The thing that emulators really need in order to shine is CPU time. With Adélie's existing lightweight nature, it's a match made in heaven. Whether you're running ClarisWorks 5 or BeagleWrite or Earthbound, Adélie can get out of your way so you can focus on what matters.
The reason you fall in love again.
Computers used to be fun. There, I said it.
We can emulate the seat-of-the-pants nature of early computing by running Linux distributions such as Gentoo, which wrap compilation in a nice set of scripts that gets in the way the moment something breaks, or by encouraging you to install NetBSD, a system so portable that it makes a PowerBook G4 look like an Osborne 1.
We can hope that your use-case is common enough that a Linux distribution like Fedora or Ubuntu is just perfect - that you never need touch the command line unless you explicitly intend to learn something new. In reality, the shine comes off these systems quickly, despite their aim at user-friendliness.
I honestly believe there's no reason that computing can't be fun. With the right blend of quality control and appropriate documentation, a system can be delivered that lets the user retain control - as much or as little as they wish.
It's never going to be the year of the Linux Desktop. But maybe, this year, it might be the year you learn to love computing again.
Keep Computers Out of Landfill
Let's be honest with ourselves here. Recovery facilities in China and India that pull the old chips off boards? Those old chips are often permanently damaged in the process. The amount of gold you can recover from CPUs or motherboards is negligible, and the environmental harm done in the process means it isn't worth it.
Ethically, the right thing to do is to keep a functioning computer system functional for as long as is possible. Microsoft doesn't care about helping you do that - they only care that you can run the software that they tell you Windows will run.
Apple ... designs very nice hardware, but doesn't provide extended software support. With the introduction of the Apple Silicon machines, which are by all accounts speed demons, their x86 software support is on borrowed time. Those Apple Silicon machines run Linux very nicely, by the way; as do their Intel predecessors. And as do their PowerPC predecessors.
What needs to be done?
You're gonna need an ocean of calamine lotion.

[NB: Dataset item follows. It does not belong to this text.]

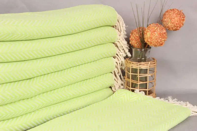 Kişiye Özel Fıstık Yeşili Chevron Havlu, Organik Pamuk, 40x71 İnç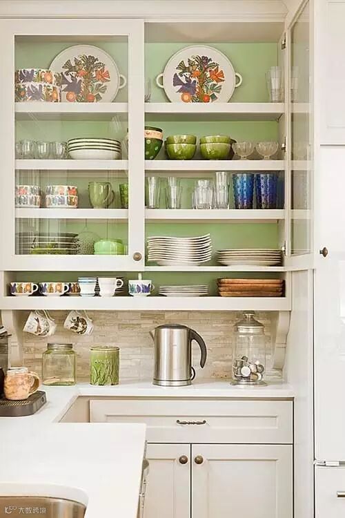 这样摆放碗碟的柜子很好看。最上层的两只碟做装饰够赞。太高,很难够得着。

So - you've heard the marketing spiel from me.
What needs to be done?
Ultimately, the answer to that is - all the unglamorous bitchwork that makes a Linux distribution work.
Packages need to be designed and tested for all the emulators I want to run.
It'd be really nice to get gcc-12 or gcc-13 so that I can package btop.
Packaging neofetch so that Adélie can get free advertising from users excitedly posting screenshots of how cool their desktop looks - neofetch now has an Adélie logo - is a small job and an easy win, and a good way to attract more interest.
Updating the wine package is always a good idea, but it'll need testing, testing, and testing some more. Packaging VICE and KEGS as well as 86Box will also be super useful.
I used to provide minivmac packages - finding a way to reproducibly build that doesn't involve emulating a Mac to get the build system kickstarted would be amazing. Getting BasiliskII to work well, and SheepShaver likewise, would also make my heart gleeful.
There's a lot of work to be done - and there's enough talented and clever people who care about doing it. And we're always happy to welcome others who care.